Conference programming will include remarks from AmerisourceBergen Chairman, President & CEO Steve Collis, as well as a conversation with former U.S. Food and Drug Administration (FDA) Commissioner Scott Gottlieb, MD, about global health, product innovation and the nation’s response to the COVID-19 pandemic. The global summit will also feature dynamic panel discussions, presentations, and roundtables on topics ranging from commercializing cell and gene therapies to the role of automation in the patient and provider journey. Content and meetings will be facilitated through AmerisourceBergen’s event platform, AmerisourceBergen Live.

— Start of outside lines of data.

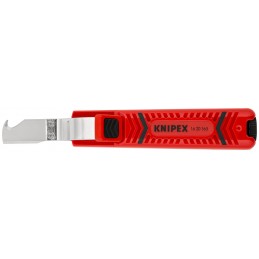 Pour dégainer tous les câbles ronds standard. Barrette d'arrêt autobloquante. Profondeur de coupe réglable grâce à la vis de réglage. Lame auto-pivotante pour coupe circulaire et longitudinale. Lame de rechange intégrée dans le boîtier. Bonne prise en main grâce à un revêtement souple antidérapant sur le manche et la barrette d'arrêt. Couteau à lame droite et lame crochet, livré avec capuchon protecteur. Boîtier: plastique, résistant aux chocs.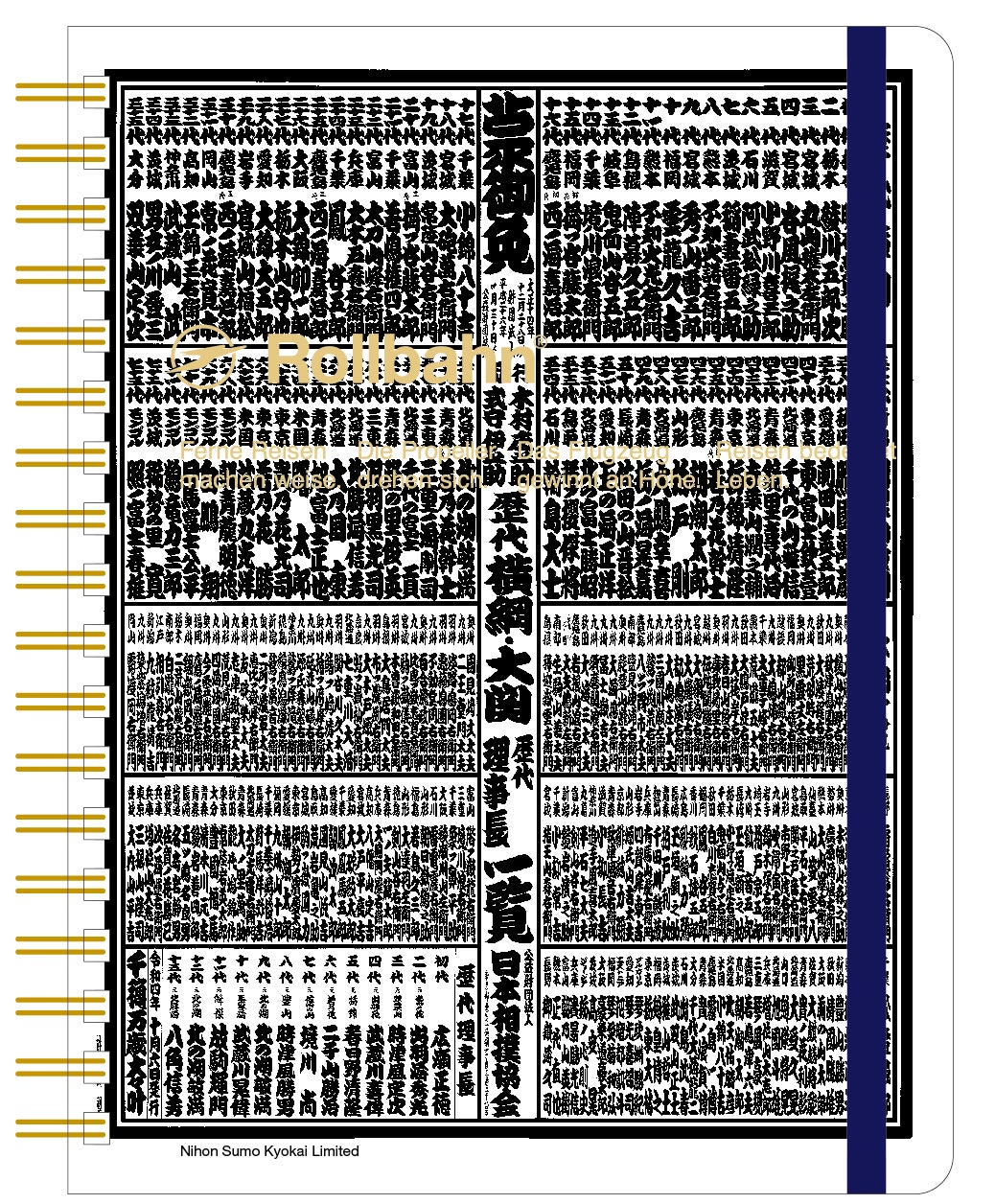歴代横綱・大関番付をあしらったモダンながらも大相撲の長い歴史を感じさせるデザインは、力強くもシンプルで普段使いにも最適です。番付表をよく見てみれば、伝説の横綱の四股名も。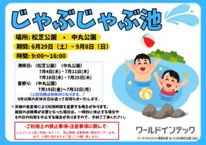 2024.06.29 お知らせ緑区 親水公園(松芝公園・中丸公園)じゃぶじゃぶ池 7月のご案内緑区公園 親水施設(じゃぶじゃぶ池)のご案内 各公園、各月清掃・地域行事等(お祭り)の為、お休みがあります。(下記7月日程)8月以降は分かり次第、お知らせいたします。 松芝公園 [開催期間]6月29日(土)か […]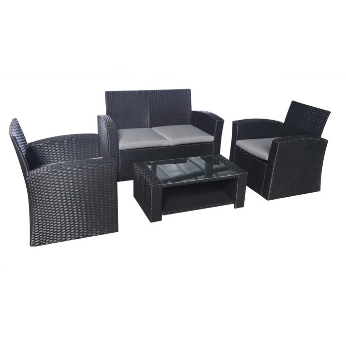 Suncrown Outdoor Sectional 4 Piece Patio Sofa Set Grey Checkered Wicker Furniture With Black Washable Seat Cushions And Glass Coffee Table Waterproof

On the first day of the summit, attendees will hear from AmerisourceBergen executives about the role of partnerships in maximizing product potential and patient outcomes, the distribution of COVID-19 vaccines and therapies in countries across the world, and the value of data throughout the product journey. Day two of ThinkLive Commercialization will focus on launch strategies for cell and gene therapies and orphan and rare disease products. The final day of the conference will feature outside perspectives from Wall Street financial analysts, as well as a conversation on breaking down disparities in patient health outcomes—and the role of technology and patient support programs in closing these gaps.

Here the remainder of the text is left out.